Our governments never declare five tests without having made their minds up in advance.  So it was with Gordon Brown’s five tests for joining the Euro.  They were designed to ensure that we never would.  The purpose of these ones is the opposite.

Three of them are legerdemain.  Who will decide whether the rate of infection “is decreasing to manageable levels”?  (Test three.) Who will “need to be confident” that the supply of testing and PPE will be able to meet future demand?  (Test four.)  Why, none other than Ministers, who will make decisions with an eye to the polls.  They will ultimately be guided not by “the science” but by “the politics”.

True, it would be awkward for them to claim that there has been “a sustained and consistent fall” in daily death numbers (not “rates”, as Dominic Raab said, since we can’t be sure how many people have the Coronavirus) if the Government’s scientific advisers were unwilling to back them up. (Test Two.)

But the pass has already been sold on that one.  Chris Whitty said on Wednesday that the peak is “flattening out”.  Ministers would not have included this test as one of the five were they not confident that the advisers will soon be willing to signal a thumbs-up.

When? As this site reported yesterday, Boris Johnson is up and about texting people from Chequers. The hope in Downing Street is that he will be back at work after the first May Bank Holiday on May 8.  He would then be able to look at a report from the joint Number Ten/Cabinet Office unit examining proposals from the departments about how to lift the lockdown.

Test One (“we must protect the NHS’s ability to cope” and Test Five (“we need to be confident that any adjustments to the current measures will not risk a second peak of infections that overwhelm the NHS”) are in essence the same.

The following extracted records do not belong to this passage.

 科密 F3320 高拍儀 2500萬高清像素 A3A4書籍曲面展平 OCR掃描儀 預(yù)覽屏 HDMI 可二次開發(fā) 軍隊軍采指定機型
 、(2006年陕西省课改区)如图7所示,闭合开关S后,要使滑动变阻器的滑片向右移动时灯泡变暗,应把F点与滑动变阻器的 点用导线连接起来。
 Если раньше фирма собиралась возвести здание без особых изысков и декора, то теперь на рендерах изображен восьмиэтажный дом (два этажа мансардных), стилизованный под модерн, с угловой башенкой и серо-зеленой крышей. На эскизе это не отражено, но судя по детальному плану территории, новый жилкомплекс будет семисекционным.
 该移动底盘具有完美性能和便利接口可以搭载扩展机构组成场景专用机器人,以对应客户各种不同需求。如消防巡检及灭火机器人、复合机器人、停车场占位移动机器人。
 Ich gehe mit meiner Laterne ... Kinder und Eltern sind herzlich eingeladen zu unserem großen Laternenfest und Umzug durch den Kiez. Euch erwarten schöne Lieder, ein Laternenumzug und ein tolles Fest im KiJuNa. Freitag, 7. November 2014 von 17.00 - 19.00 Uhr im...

Again, they ultimately require a political decision.

The Department of Health can be expected to be very cautious about that fifth test.  But it gives the Prime Minister enough wiggle room to say, during the days after the bank holiday, that they have been met if the shutdown is eased off gradually.

In other words, Johnson will seek to keep ahead of public opinion – which he is doing triumphantly so far: polls show overwhelming support for the Government’s position.  The art for him is to not to be caught out by a sudden shift in mood as closures, job losses and destitution reach a critical mass.  We asked yesterday whether that might be early June – a quarter of the year in from the original wave of entrenchment in March.

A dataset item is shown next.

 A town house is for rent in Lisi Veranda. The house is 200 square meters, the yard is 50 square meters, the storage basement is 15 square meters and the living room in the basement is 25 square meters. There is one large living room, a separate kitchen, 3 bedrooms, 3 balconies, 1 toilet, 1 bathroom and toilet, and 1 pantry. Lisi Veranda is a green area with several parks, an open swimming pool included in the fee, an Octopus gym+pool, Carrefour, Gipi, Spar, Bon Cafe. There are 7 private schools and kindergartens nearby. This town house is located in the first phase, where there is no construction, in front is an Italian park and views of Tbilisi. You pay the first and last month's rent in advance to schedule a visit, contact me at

The announcement in early May of a partial end to the lockdown might successfully juggle appeasing those who want it ended, satisfying those who believe that it is still essential, and keeping the Health Department and the Treasury on the same page.

Above all, it would continue to meet the Government’s primary aim: ensuring that the NHS can indeed cope with any relaxation of social distancing.  We make no complaint whatsoever about all these being political decisions.  That’s of their essence.

The biggest fly in this ointment is the assumption that the Prime Minister will be back to his usual bouncing self by after the May Bank Holiday.  If he isn’t, he will have some serious thinking to do about whether Dominic Raab should be empowered to step up to the next level.

Yesterday, the latter could simply have said that the lockdown will last for another three weeks – and nothing much else.  That he didn’t confirms that the Government is preparing its way out.